Families in Canada are under financial stress and I think it is incumbent on members of the House to find ways to relieve that stress and tax reduction is certainly one of the most obvious and straightforward ones that I know we could find a lot of agreement on in the House.
I want to talk a bit about some of the specific proposals in Reform's budget alternative better way budget. One of them has to do with reducing or at least considering and investigating the impacts of the current tax legislation on marriage. One submission states that single income families may pay considerably higher amounts of federal tax than two income families with the same level of family income.
Take a family earning $30,000 annually. While a dual income family splits the income 50:50, the single income family will generally pay about $4,317 a year in federal and provincial income taxes, whereas the dual income family pays a combined $3,492 a year. So it is 24% more in tax for a single income family. These are the kinds of inequities that I think should be investigated to bring some greater fairness and equity into the way families are treated and taxation is applied.
As a specific step we could take in this direction, we are suggesting that one of the easiest and most straightforward things to do is to increase the married credit by setting it equal to the basic personal credit at $1,098 from its current maximum of $915. The proposal provides for a tax reduction when coupled with the increase to the basic personal credit that we advocate of $675 for single income families across Canada. This is an important proposal for a couple of reasons. It is important because why should the spouse who is in the home and maybe not employed in the private sector have some type of exemption that is less than the basic exemption? We are advocating that it should at least be equal.
Another important point we call for to address some of the taxation impacts on family is that the current system allows for deductions of $7,000 for children under seven and $4,000 for children aged seven to sixteen. That is the current situation. We propose to replace this system with one where all families with children become eligible to receive a refundable child care expense credit of 17% of $7,000 or effectively $1,190 for all children up to seven years of age. Further, a credit of 17% on $4,000, or $680 in hard cash return, will be made available for parents of children seven to twelve years of age. The credit would be available to all families with children whether they are earning income or not and provide benefits for each child under the age of seven and for children seven to twelve.

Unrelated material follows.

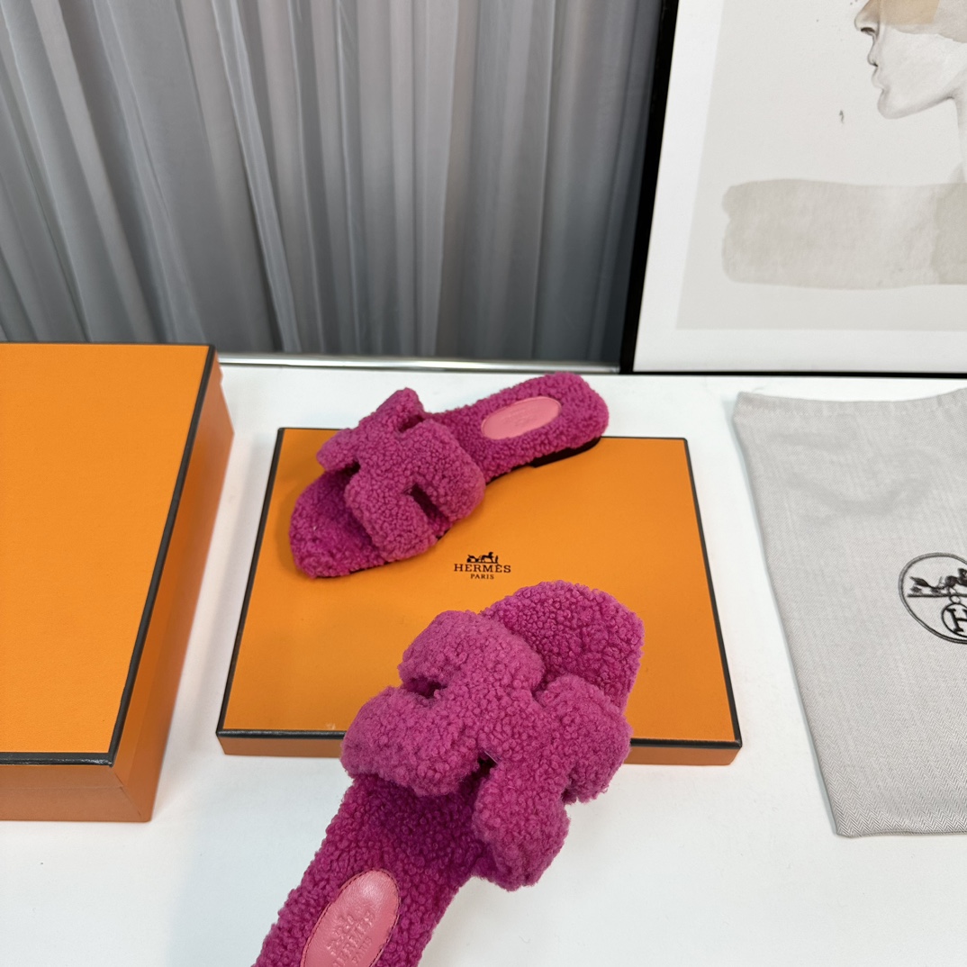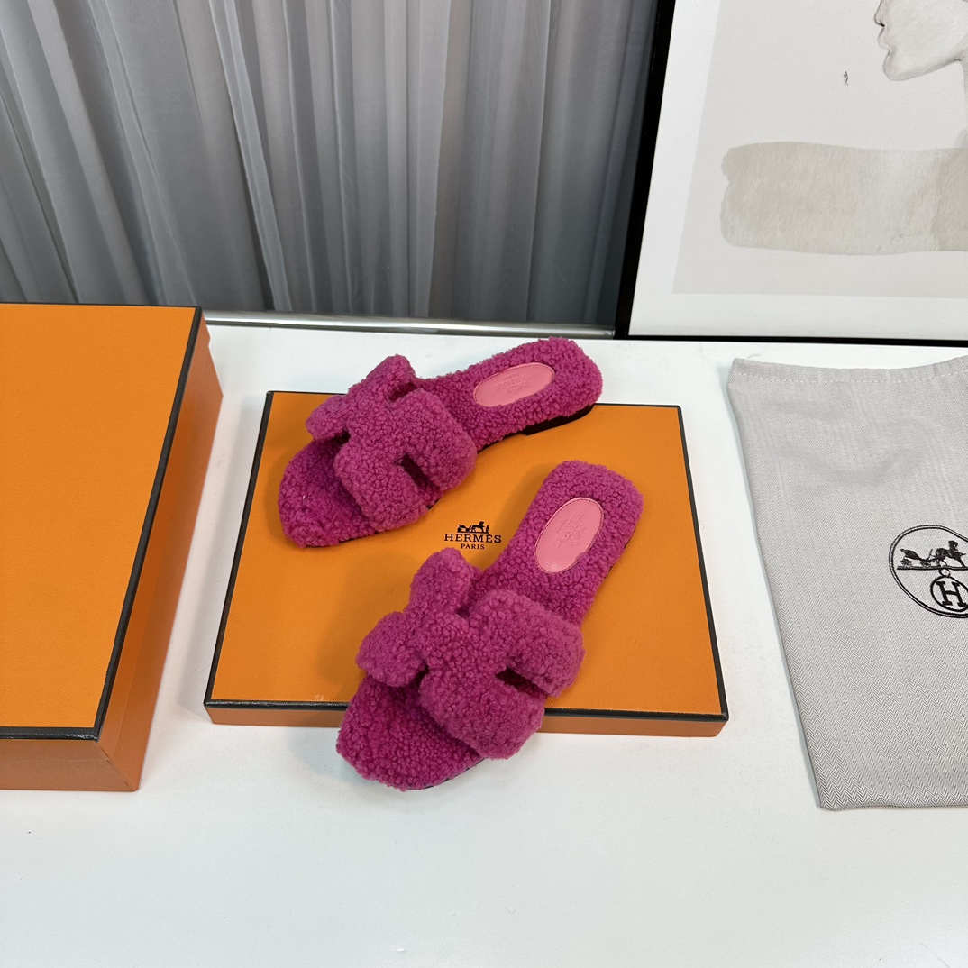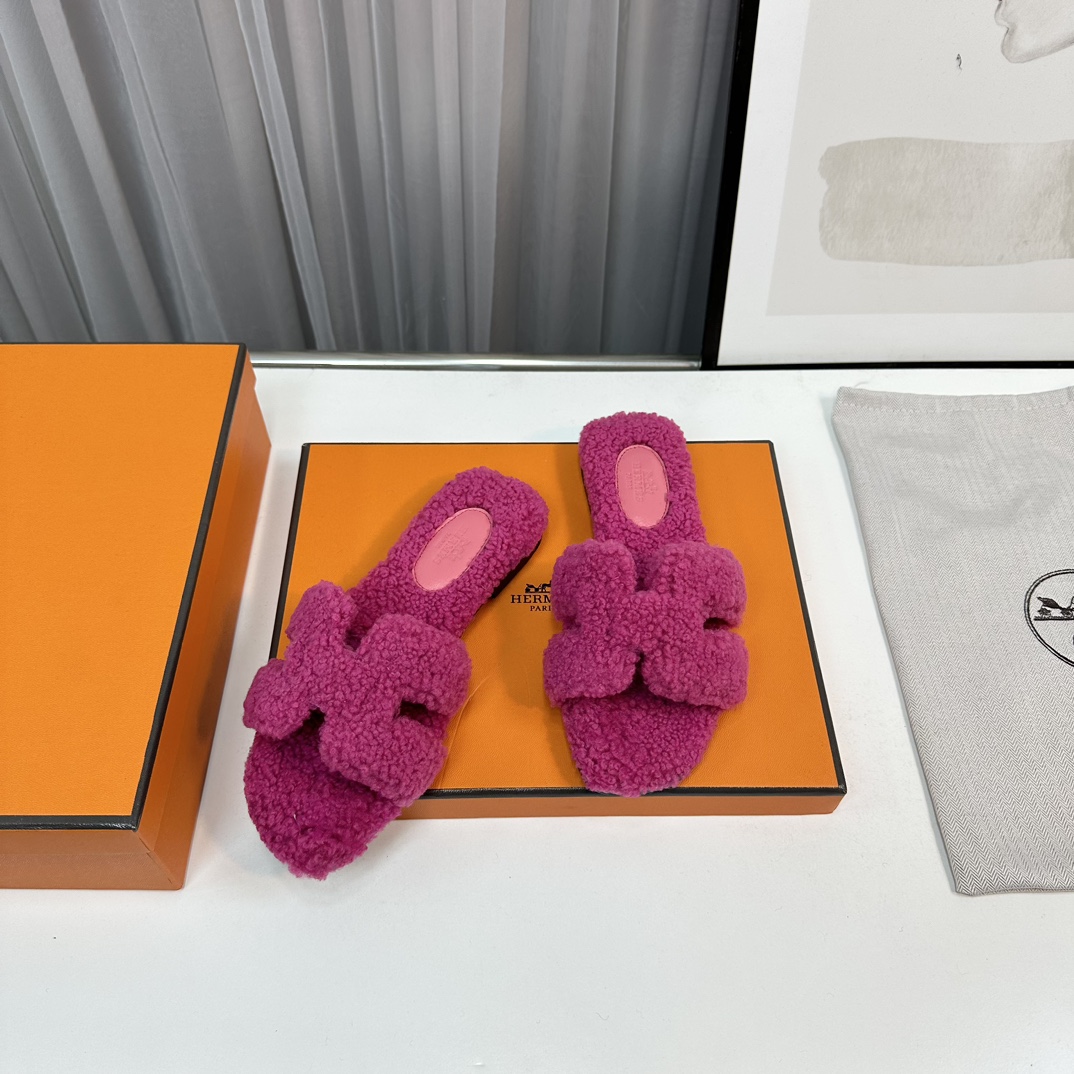 Tags: Designer Flat Sandals, Hermes Shearling Slides, Luxury Women's Footwear, Teddy Wool Slippers, Warm Wool Loafers, Winter Home Shoes
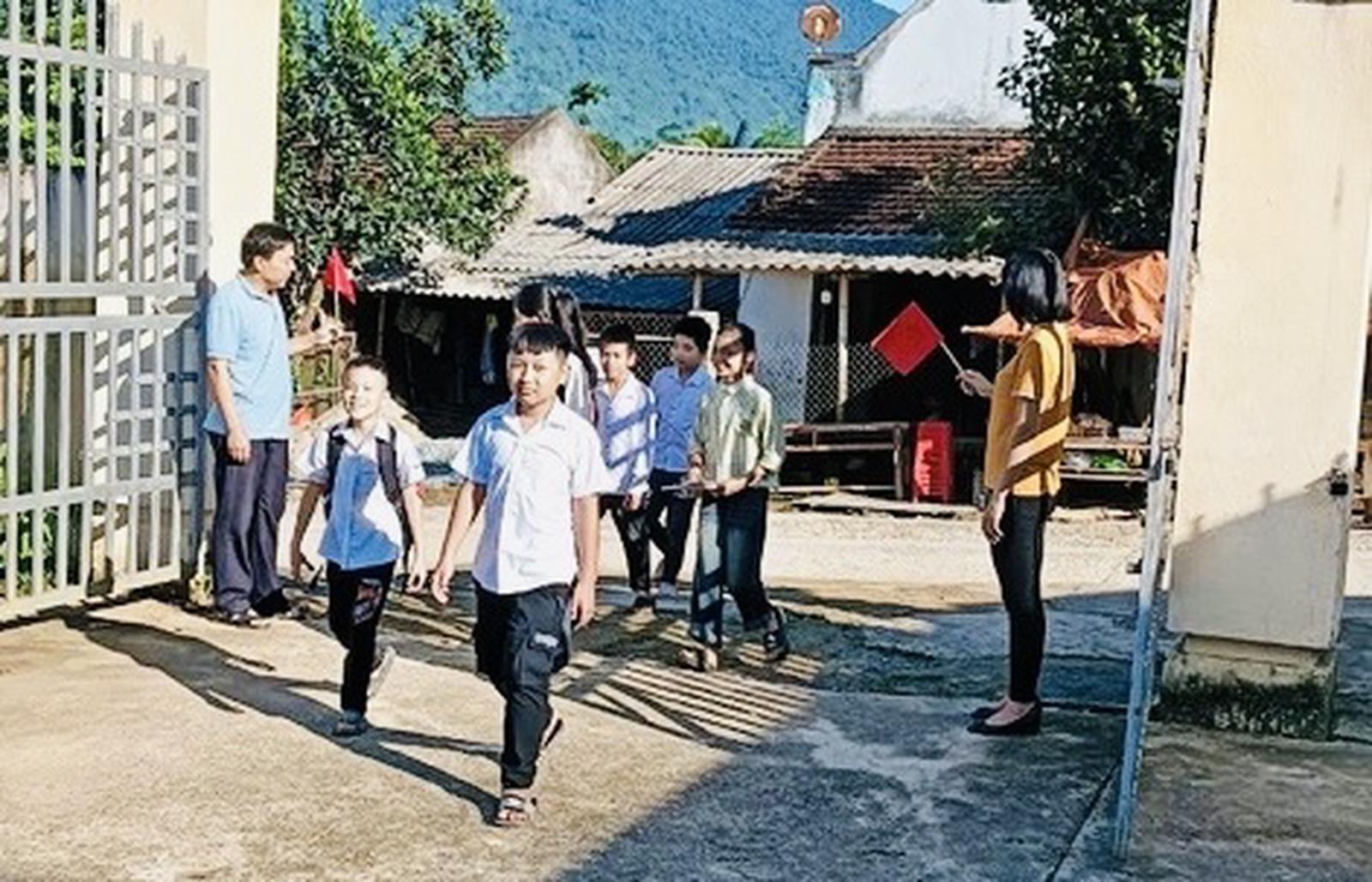 Học sinh Trường THCS Giao Thiện, xã Giao Thiện, huyện Lang Chánh tựu trường. Ảnh: HT

There are costs I could provide on that. We have quantified that. We have examined the impact of that recommendation to make sure that it is consistent with our overall budget proposal.
Another area I would like to address is directly related to the impacts of capital gains taxes in Canada. Let me quickly touch on a reduction of capital gains and how that could help us strengthen opportunities for the less fortunate. The increase in economic activity which would result in a reduction of capital gains taxes would lead to greater employment and thus higher income tax revenues. In other words, the economic benefits of a reduction in the capital gains rate far outweigh the short run costs of them. There are a number of studies I could quote if I had the time to do so.
To sum up, the thrust of the motion today is to alleviate the burden of poverty and calls for two specifics on tax policy. We must meet the needs of those who are not able to help themselves and are facing harder times. However higher taxation and increasing debt are not working.